12 year-old Luke Ellis is a child prodigy and sometimes when he's excited, things happen. Like an

empty pizza pan will go flying off the table. Or the kitchen cabinets will swing open. And one night, he's abducted from his home and he wakes up the next morning, finding himself in a room that looks like his room in a place called the Institute. The Institute, with its cinder block walls and Front Half and Back Half, is something out of a Coast to Coast with Art Bell story.
As much high-concept pulp fiction about telepathic and telekinetic children and saving the world, Stephen King's latest novel The Institute is also a diatribe on modern America, where children are held captive by the state for "the greater good." The people in the Institute believe, wholeheartedly, that they are doing good work, despite their harsh treatment of the kids that reside there. The kids are dehumanized, tested on, seen as nothing more than a means to an end. They're not children, they're just cogs in a wheel in a big machine.

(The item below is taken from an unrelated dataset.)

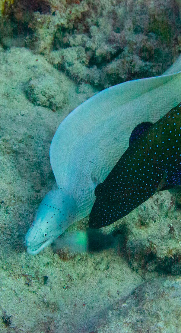 Contrairement à ce que beaucoup croient, les murènes ne sont pas méchantes, ni électriques :). Cependant, leurs dents sont dirigées vers l'intérieur, ce qui rend l'échappatoire plus difficile !
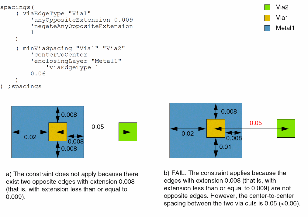 - Example 1: minViaSpacing with centerToCenter, enclosingLayer, and viaEdgeType

Telepathic kids is a subject King's written on before, but here, he puts an exigent twist on a story that mirrors our current political climate.
If I had one gripe about The Institute, it would be that the middle-third of the book seemed to drone on. There were several times when I grabbed a chunk of pages and thought, "Nothing's happening." But once things started to "happen" it was like riding a rollercoaster all the way to the end.
An enjoyable read and the last third of the book is a hell of an adventure, but it's not nearly my favorite King book—that title is still held by his 2011 time travel tome 11/22/63.